You're sober right now? Hold on, this calls for some of these...


----------



## tckfui (Nov 21, 2007)

haha thoes guys are silly!
wow... I never noticed that was rick james... I always thought it was a hasidic jew with that big har, and the coat and all that... ... the things you see when sober... its almost like being high... but oposit...


----------



## mastakoosh (Nov 21, 2007)

god i love those damn things. wuh wait j-lo, that booty it is so round. why, no j-lo has thickness.


----------



## tckfui (Nov 21, 2007)

what damn things do you love? crack whores?
... j-lo is kind of cool, but... for now... its ok for me to say what I said... because I said it... what did I say anyway?


----------



## kindprincess (Nov 21, 2007)

tckfui said:


> what damn things do you love? crack whores?
> ... j-lo is kind of cool, but... for now... its ok for me to say what I said... because I said it... what did I say anyway?
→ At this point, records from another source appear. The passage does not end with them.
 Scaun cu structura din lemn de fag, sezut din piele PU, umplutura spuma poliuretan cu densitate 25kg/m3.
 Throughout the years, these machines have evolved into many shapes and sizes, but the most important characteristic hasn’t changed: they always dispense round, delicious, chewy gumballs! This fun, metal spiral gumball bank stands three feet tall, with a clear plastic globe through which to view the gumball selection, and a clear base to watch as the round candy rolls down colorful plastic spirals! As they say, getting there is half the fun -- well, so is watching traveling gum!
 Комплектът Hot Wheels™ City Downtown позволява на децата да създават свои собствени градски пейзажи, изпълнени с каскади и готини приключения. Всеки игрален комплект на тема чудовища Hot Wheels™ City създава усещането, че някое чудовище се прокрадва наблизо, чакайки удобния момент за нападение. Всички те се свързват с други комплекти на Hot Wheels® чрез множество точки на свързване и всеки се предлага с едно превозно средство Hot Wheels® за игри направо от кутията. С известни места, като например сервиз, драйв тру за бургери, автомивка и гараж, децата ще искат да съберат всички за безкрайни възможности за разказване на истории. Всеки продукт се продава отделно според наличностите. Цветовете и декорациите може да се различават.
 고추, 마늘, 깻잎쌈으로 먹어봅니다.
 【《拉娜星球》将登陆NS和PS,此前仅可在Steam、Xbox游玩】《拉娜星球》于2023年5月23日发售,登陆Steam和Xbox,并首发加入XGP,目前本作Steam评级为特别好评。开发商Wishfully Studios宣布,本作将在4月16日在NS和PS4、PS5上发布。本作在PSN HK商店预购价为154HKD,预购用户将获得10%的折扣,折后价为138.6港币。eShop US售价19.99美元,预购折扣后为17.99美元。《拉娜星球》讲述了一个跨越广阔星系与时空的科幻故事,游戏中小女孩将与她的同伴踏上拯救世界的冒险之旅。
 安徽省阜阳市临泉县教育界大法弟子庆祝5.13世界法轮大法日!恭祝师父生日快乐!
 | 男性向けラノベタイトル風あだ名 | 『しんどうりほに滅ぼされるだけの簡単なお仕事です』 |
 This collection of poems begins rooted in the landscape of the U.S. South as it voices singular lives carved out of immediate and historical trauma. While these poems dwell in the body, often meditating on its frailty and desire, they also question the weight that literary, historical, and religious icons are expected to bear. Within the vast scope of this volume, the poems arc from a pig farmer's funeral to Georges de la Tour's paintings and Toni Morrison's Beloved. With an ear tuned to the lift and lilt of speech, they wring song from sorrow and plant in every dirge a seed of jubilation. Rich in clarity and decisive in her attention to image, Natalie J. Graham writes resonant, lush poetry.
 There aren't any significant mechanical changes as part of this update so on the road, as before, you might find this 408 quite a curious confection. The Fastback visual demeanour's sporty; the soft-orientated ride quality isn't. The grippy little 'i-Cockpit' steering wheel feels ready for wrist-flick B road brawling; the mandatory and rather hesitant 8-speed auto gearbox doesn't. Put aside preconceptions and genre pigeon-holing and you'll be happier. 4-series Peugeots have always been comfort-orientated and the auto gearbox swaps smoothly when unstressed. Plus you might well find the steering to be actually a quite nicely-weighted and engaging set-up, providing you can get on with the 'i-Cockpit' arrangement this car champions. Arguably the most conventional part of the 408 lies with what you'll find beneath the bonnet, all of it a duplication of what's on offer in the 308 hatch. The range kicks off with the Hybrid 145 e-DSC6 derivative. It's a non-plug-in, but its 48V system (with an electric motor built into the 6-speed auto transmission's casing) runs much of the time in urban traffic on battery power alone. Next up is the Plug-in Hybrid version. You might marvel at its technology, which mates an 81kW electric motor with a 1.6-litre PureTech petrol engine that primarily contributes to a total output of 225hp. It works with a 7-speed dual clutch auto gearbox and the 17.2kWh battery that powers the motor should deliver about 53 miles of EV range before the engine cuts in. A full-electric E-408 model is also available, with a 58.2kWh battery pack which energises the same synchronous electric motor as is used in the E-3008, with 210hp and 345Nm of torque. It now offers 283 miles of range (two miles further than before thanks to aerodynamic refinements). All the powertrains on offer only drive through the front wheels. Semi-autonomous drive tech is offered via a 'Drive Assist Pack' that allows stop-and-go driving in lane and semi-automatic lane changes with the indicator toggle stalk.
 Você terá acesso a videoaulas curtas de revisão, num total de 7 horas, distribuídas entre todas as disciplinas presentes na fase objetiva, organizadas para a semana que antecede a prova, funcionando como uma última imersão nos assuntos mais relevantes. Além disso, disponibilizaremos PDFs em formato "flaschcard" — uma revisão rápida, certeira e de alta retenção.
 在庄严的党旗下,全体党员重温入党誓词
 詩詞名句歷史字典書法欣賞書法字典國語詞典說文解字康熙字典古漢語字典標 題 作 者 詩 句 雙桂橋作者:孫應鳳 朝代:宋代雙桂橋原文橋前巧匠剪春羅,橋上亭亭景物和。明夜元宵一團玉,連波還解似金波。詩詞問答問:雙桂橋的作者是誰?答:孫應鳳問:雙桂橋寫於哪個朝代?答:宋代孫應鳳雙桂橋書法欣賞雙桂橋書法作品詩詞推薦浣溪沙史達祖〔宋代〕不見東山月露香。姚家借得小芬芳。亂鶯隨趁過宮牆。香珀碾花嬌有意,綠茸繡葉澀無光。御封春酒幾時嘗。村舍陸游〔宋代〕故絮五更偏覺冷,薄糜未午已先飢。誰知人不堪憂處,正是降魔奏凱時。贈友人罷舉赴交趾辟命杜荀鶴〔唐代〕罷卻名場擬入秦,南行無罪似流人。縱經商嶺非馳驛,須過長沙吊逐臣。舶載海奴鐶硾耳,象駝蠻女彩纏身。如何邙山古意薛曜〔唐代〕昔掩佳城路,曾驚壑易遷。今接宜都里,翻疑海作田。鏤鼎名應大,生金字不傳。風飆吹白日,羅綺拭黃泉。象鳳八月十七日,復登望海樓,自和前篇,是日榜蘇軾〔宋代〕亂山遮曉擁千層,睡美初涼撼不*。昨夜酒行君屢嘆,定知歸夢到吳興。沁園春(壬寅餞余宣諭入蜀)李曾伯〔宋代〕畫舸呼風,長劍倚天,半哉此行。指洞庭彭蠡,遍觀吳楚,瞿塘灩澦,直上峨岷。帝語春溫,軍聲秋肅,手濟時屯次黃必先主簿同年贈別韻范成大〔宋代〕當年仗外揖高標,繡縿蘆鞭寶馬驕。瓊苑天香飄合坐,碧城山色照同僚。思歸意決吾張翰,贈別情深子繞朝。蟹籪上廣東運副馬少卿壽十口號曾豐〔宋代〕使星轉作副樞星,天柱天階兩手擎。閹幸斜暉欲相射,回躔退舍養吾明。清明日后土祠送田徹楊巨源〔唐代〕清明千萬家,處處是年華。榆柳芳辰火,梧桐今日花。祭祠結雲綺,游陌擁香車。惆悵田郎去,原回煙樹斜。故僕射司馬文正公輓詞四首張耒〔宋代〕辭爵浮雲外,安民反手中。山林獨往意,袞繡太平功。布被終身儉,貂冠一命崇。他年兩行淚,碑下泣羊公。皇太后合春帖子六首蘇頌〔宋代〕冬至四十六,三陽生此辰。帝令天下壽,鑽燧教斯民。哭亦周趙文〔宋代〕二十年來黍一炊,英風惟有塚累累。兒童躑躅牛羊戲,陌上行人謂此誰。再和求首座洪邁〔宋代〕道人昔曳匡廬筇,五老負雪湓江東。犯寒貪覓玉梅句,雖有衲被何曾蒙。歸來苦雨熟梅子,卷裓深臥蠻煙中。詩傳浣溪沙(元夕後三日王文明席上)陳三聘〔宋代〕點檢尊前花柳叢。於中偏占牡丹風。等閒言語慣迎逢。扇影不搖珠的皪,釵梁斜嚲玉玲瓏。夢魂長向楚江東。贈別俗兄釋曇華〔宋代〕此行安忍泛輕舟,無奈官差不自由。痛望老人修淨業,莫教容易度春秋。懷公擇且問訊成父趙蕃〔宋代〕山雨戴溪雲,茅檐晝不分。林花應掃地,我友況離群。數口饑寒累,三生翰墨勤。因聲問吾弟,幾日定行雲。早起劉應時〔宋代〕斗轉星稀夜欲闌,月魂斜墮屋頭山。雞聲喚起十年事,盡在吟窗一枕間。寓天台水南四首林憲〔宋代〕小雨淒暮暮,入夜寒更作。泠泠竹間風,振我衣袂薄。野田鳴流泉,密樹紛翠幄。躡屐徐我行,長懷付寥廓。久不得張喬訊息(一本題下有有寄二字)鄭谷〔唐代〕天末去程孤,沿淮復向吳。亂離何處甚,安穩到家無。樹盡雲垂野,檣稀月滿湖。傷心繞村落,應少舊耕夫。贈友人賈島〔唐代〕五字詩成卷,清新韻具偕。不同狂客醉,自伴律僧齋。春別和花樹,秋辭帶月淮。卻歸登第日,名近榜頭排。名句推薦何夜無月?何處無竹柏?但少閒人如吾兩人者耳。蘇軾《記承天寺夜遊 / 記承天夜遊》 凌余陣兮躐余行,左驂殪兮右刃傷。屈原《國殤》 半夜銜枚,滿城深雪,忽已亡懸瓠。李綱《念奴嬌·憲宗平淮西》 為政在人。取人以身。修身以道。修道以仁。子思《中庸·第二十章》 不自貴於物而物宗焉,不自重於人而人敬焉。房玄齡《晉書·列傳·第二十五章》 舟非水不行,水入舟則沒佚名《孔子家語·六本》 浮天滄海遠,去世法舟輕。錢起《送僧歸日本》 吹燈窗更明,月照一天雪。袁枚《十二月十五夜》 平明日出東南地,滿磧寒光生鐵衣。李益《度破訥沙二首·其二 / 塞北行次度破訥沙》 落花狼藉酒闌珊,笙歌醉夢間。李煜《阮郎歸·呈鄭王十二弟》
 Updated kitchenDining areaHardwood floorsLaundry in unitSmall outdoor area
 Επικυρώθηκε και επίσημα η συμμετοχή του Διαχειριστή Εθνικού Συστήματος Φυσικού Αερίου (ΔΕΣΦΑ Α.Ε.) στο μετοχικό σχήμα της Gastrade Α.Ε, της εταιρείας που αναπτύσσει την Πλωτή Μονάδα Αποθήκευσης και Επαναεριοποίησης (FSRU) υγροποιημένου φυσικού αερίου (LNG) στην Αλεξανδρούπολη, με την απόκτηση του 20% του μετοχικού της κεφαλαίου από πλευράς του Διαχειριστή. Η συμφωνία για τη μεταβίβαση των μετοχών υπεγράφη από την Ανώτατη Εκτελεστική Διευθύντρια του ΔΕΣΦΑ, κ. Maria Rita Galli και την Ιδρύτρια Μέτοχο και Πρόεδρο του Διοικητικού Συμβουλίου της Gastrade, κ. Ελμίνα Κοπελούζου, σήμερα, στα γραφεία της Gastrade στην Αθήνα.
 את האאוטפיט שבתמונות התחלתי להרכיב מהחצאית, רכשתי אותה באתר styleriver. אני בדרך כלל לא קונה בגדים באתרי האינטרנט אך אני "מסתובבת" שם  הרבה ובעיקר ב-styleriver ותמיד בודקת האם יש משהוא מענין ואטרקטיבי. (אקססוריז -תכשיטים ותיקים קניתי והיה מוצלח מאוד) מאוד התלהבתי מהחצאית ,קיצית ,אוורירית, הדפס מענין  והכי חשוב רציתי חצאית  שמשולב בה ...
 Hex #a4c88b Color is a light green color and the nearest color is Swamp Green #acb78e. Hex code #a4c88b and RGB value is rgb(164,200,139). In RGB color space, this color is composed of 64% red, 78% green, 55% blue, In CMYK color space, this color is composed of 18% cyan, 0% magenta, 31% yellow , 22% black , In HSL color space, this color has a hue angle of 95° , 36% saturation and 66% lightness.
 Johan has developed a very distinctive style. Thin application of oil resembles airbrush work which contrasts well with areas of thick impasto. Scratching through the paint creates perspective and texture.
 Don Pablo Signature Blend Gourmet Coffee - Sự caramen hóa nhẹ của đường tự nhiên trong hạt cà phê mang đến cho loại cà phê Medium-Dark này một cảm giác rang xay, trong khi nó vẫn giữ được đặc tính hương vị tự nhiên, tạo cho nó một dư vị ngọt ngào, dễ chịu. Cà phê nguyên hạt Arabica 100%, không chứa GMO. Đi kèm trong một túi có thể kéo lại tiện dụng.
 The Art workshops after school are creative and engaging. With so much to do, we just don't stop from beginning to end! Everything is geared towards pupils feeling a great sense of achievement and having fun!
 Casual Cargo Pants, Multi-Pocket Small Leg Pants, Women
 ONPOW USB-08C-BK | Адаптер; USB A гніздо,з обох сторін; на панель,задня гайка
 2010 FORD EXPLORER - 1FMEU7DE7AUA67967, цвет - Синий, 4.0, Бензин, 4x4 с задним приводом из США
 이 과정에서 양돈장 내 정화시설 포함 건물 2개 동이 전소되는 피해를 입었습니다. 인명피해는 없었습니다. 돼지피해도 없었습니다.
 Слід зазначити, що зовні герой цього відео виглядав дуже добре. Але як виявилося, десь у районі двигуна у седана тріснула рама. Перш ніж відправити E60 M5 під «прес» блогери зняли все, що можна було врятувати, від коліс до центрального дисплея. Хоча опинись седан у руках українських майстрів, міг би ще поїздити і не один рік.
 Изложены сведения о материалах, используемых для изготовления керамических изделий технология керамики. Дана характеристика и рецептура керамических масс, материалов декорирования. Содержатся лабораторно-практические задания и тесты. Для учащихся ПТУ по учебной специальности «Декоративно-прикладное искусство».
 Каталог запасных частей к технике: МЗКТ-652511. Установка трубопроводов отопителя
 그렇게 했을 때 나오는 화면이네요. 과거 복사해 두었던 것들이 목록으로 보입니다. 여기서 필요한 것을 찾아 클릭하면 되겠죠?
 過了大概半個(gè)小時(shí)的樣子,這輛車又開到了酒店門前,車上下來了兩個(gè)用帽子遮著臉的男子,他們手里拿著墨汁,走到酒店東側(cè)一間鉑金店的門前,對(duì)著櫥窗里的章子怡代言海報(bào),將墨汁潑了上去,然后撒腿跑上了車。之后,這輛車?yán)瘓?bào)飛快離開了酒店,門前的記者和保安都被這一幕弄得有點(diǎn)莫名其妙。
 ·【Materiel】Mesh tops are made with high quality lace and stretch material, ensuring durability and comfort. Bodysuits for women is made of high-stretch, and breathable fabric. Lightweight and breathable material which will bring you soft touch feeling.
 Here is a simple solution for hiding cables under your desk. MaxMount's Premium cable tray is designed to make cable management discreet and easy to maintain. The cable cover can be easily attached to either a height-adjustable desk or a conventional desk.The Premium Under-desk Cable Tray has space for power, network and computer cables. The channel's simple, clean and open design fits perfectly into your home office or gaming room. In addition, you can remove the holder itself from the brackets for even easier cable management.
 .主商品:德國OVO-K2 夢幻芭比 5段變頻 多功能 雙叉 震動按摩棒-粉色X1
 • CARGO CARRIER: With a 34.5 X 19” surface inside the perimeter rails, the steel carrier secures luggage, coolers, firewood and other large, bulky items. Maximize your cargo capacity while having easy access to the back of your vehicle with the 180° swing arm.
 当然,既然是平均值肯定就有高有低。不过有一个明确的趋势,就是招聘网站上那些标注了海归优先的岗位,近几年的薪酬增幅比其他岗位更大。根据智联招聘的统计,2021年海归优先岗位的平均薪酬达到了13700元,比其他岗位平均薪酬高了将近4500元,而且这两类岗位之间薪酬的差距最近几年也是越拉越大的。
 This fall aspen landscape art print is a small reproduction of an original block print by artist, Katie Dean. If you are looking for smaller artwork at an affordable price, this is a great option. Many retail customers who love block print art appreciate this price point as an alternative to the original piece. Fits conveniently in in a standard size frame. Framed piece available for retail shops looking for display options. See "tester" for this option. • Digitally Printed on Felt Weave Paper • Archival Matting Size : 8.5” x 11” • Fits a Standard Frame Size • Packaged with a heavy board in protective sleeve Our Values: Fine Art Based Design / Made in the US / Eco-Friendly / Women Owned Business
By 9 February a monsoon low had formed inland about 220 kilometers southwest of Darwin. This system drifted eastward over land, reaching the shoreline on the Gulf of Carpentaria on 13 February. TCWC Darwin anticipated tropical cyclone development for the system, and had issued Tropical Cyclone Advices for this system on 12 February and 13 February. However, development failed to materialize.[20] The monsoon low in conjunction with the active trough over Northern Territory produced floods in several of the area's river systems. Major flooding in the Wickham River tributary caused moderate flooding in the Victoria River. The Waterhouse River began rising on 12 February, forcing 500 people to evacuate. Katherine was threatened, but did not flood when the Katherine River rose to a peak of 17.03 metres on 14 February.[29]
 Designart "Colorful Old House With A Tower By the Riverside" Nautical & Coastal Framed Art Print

that's classified; i'd tell you, but then i'd have to kill you...


----------



## tckfui (Nov 22, 2007)

... i didnt say nuthin...


----------



## kindprincess (Nov 22, 2007)

tckfui said:


> ... i didnt say nuthin...


lol


----------



## abudsmoker (Nov 22, 2007)

this is so much better than talking about needing more mods.


----------



## kindprincess (Nov 22, 2007)

abud! how the hell are you?!? 

how'd things work out?


----------



## abudsmoker (Nov 22, 2007)

still trucking along, had to restructure after a peice of the pie got spoiled, life is good garden is fair. 

good to see you! NAKED


----------



## kindprincess (Nov 22, 2007)

abudsmoker said:


> still trucking along, had to restructure after a peice of the pie got spoiled, life is good garden is fair.
> 
> good to see you! NAKED


lol 

what a nite babe... lol

no, that's not me. i didn't want to blind anyone.... 

i'm so glad to hear you're well! i've been worried about you, believe it or not


----------



## abudsmoker (Nov 22, 2007)

i was thinking about russ anyone get a update?


----------



## tckfui (Nov 22, 2007)

... my grandmother was dutch Irish and my grandfather was lesbian. that makes me quarter lesbian


----------



## GoodFriend (Nov 22, 2007)

abudsmoker said:


> i was thinking about russ anyone get a update?


he was hanging out on the live chat and i had a few words with him

he's waiting for court, but he's out and about now... doing ok... apparently the ol lady did him in...

i wish him all the best though!


----------